The Haven is also a kind of New Age retreat centre, featuring in the dining room the funniest portrait of a Dana-Carvey-like church lady who turns out to have been the resident psychic, a proponent of "spiritism"; the plaque beside the fur-collared, washed-and-set woman in her 70s suggests that "spiritism" refers not just to her paranormal version of Christianity but to her homemade wine.

As for the other theme, we've spared no expense and eaten at some fine restaurants, some of which weren't so fine, and some pedestrian restaurants that were not half bad (I recommend the clam chowder at the Silva Bay Resort and Marina on Gabriola, which is attached to a wooden-boat-building school of some renown). The outstanding choice, apart from my godmother's fennel-potato soup and Waldorf salad, has definitely been Market at the rather fabulous Shangri-La Hotel, where we stayed in Vancouver (and will stay again tomorrow night). The food and service are outstanding.

While in Victoria, of course, we had to have high tea at the Empress, where we also lodged. I've had better food at a high tea, but the experience was worth it because it's the Empress and the room and service are lovely and legendary.

Now we are on Gabriola, a peaceful, rustic, friendly place, visiting friends and relaxing; my bedroom window overlooks the Strait and today we are just vegging. Our friends took us to their favourite lookout spot last night, overlooking the lighthouse. I can see why people retire here, though it may turn out to be a pipe dream for some; I notice there's an awful lot of property for sale. The population of the island seems to have an average age of about 55 or more. All the men and women look the same: grey beards and ball caps on the men, more colourful middle-aged outfits on the women, all seemingly fit as fiddles, walking to and from the ferry.

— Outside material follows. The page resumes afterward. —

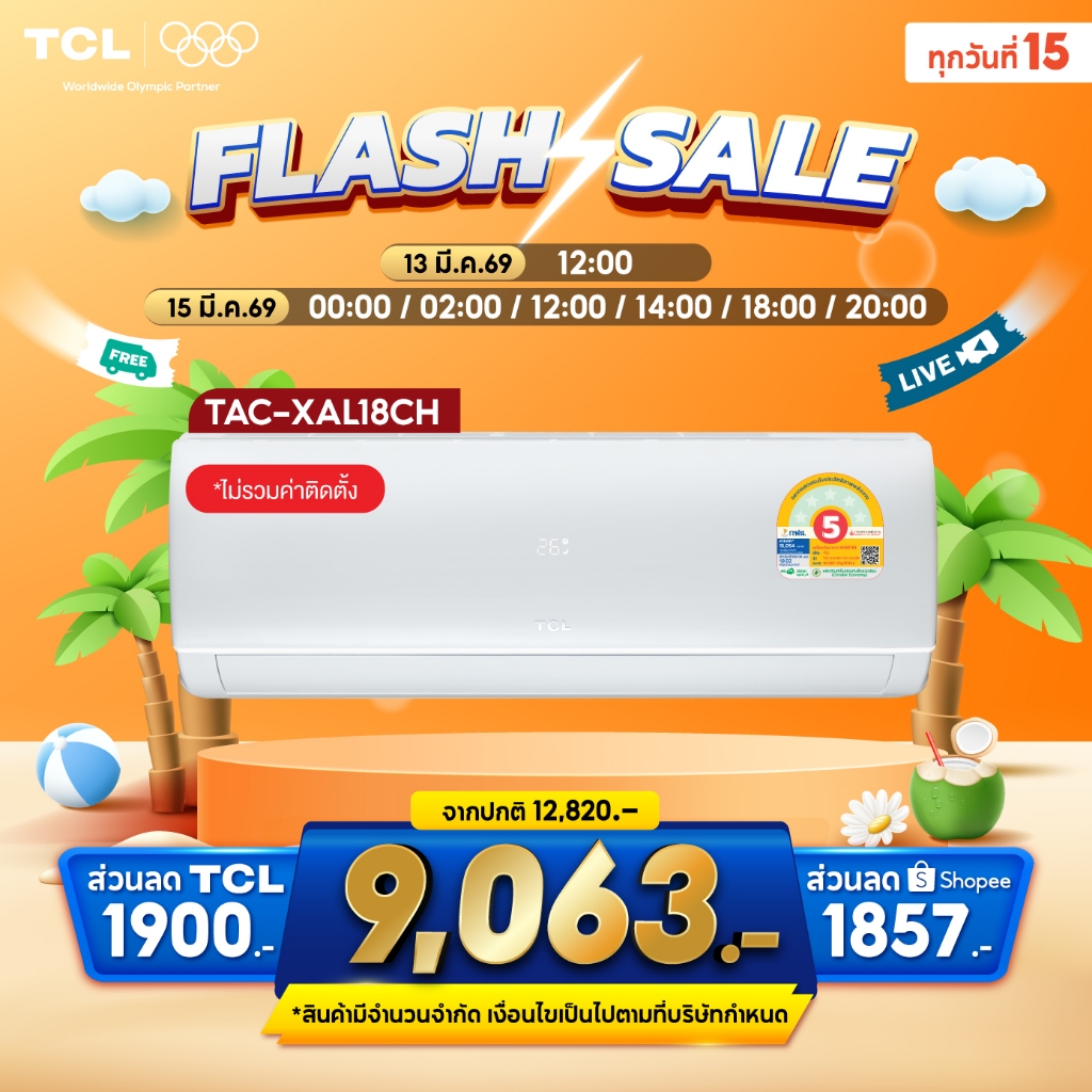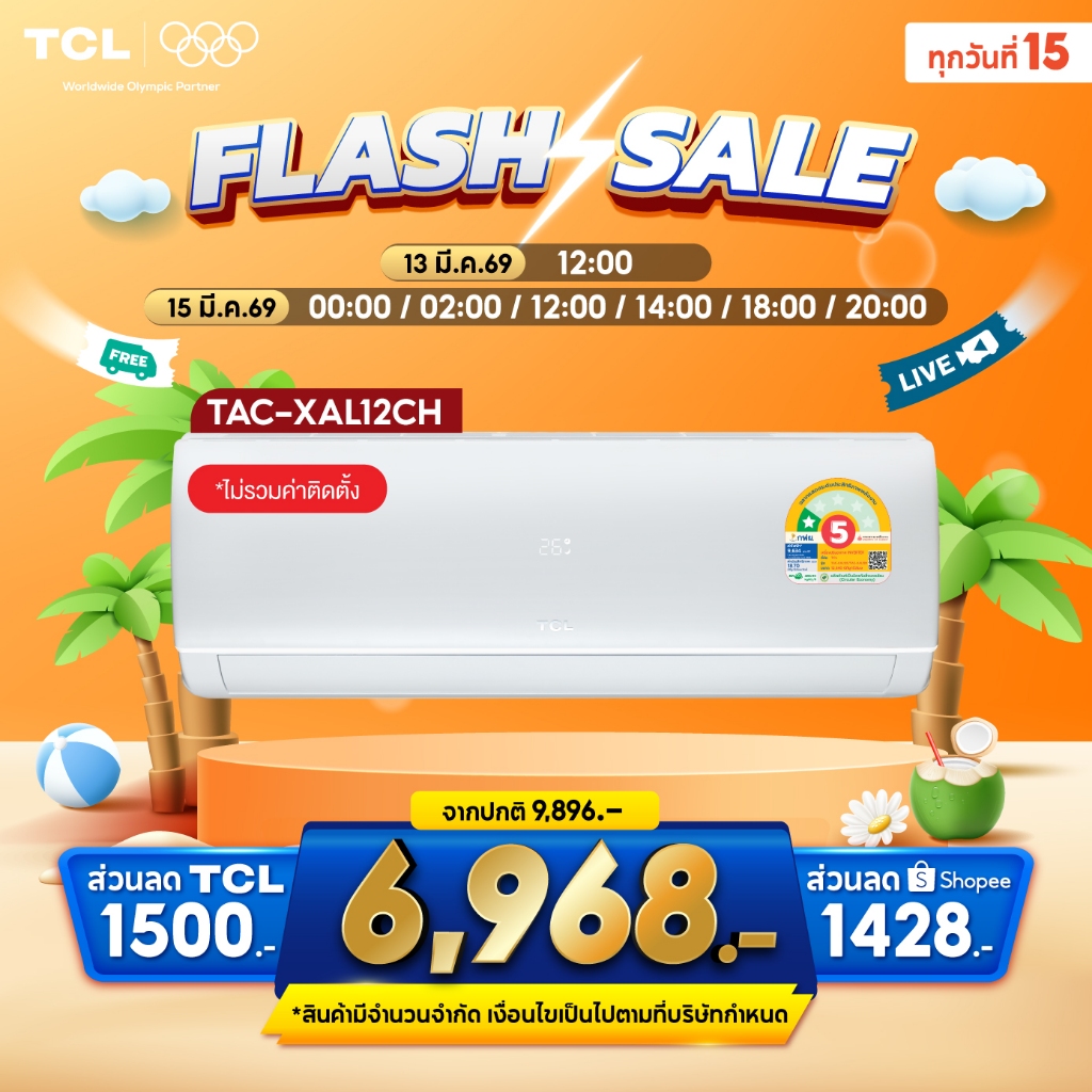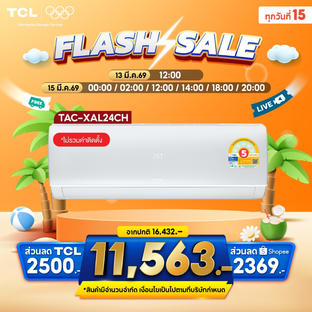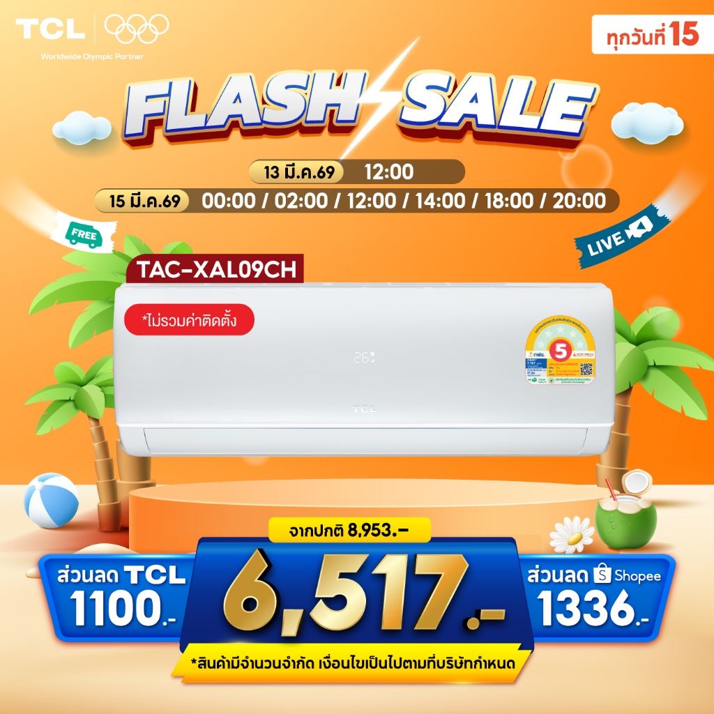 TCL แอร์ Inverter TAC-XALCH 9,000–24,000 BTU เย็นเร็ว ประหยัดไฟ เบอร์5 ผ่อน0% 10เดือน

I've been very active on this trip (for me), and I'm pleased I'm still hanging in there. I had one fall in the bathroom of the Empress and banged up my arm pretty badly, but my noggin has been spared so far.

One of the items on my bucket list was to eat a Nanaimo bar in Nanaimo, so here's the evidence of that.

Finally, the photo up top should provide a sense of the peace I feel when I'm near water. It and the lighthouse photo were taken by my friend Jan's husband, Tony Bridge, who is a fine amateur photographer with some very nice cameras.

Soon I'll tell you all about my Hawaiian Lomi Lomi massage. Maybe.